Sustainable exploitation of coastal aquifer requires pumping out a large amount of freshwater keeping the saline water at bay. Managing saltwater intrusion is a complex task due to the conflicting nature of these objectives. A successful management strategy comprises of early detection of saltwater intrusion, predicting the extent and future course of intrusion. Though a majority of the identification technique focuses on the concentration of the salt ions and their origin, coupled approach using geophysical and geochemical approach proves to be better. New detection techniques based on EM method are easy and fast to apply. Airborne EM systems need to be explored more as they can produce reliable results over vast areas in a short span of time.

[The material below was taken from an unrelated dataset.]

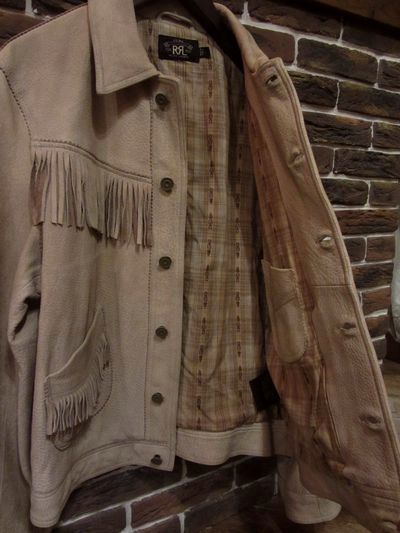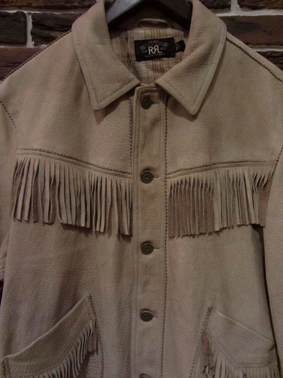 RRL (ダブルアールエル) DEERSKIN TRUCK JACKET (オールディアスキントラックジャケット)SIZE :L(cm) 着丈63cm/身幅56cm/肩幅47cm/袖丈66cm 生産国:CHINA MATERIAL: SHELL/100%REAL DEERSKIN、 BODY LINING/100%COTTON、 SLEEVE LINING/100%CUPROSALE 68,040円→41,790円 (TAX IN)

Predicting the freshwater–saltwater boundary accurately is a major challenge in any saltwater management scenario. Both sharp interface models and density-dependent model predict the boundary but have their own limitations. Sharp interface models are quick to simulate but they overestimate the intrusion. Though density-dependent models are more accurate, it consumes an enormous amount of CPU time in the simulation. Thus, direct use of density-dependent models in a linked simulation optimization is not preferred as a management technique. Surrogate models can be a viable alternative to the use of density-dependent model but require extensive data. MNN and fuzzy logic-based ANN may overcome some of the issues with the density-dependent models but still require training.

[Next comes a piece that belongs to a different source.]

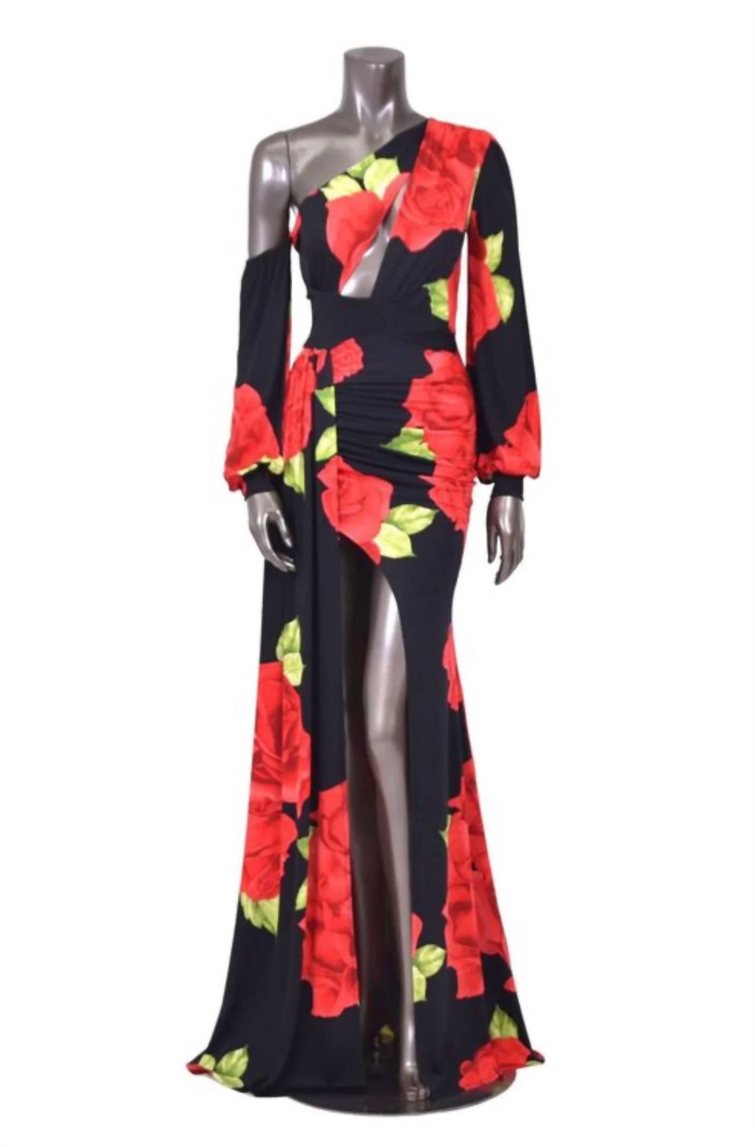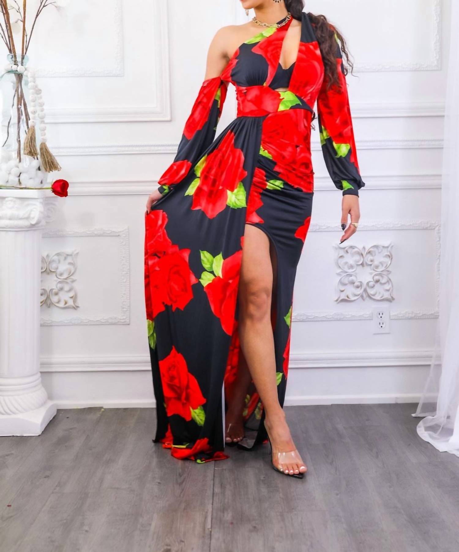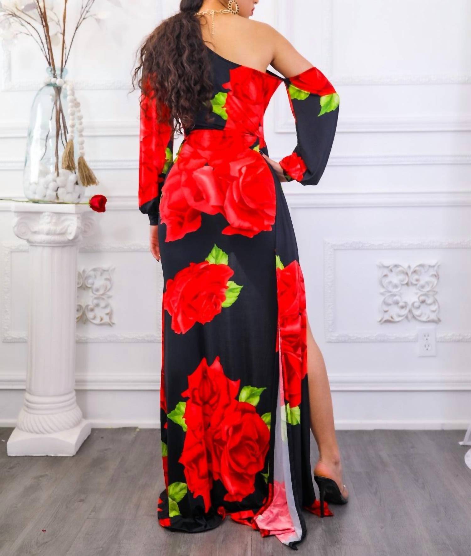 The pefect long sleeve dress for those cooler months. Introducing the Roses Are Red Asymmetrical Draped Floral Dress by SurelyMine, a captivating choice for any evening event. This versatile wrap dress features a stunning floral pattern with rose designs, complemented by an off-the-shoulder neckline and long sleeves. Designed to highlight elegance with its maxi side drape, this dress offers good stretch for a flattering fit. Closure: Pull on. Perfect for spring occasions, model wears a size small and stands 5'4".

To overcome these difficulties, the combined use of density-dependent model and sharp interface model is applied. Capability of fast simulation speeds from sharp interface models, and accuracy of prediction in the density-dependent model is used simultaneously in this methodology. Still considerable work needs to be done for further application of multi-objective problems. Computational burden for seawater intrusion management models is still a challenge, especially when linked to a heuristic optimization algorithm in saltwater intrusion management problems. Use of classical optimization often leads to sub-optimal results. Therefore, further work needs to be done to overcome these limitations.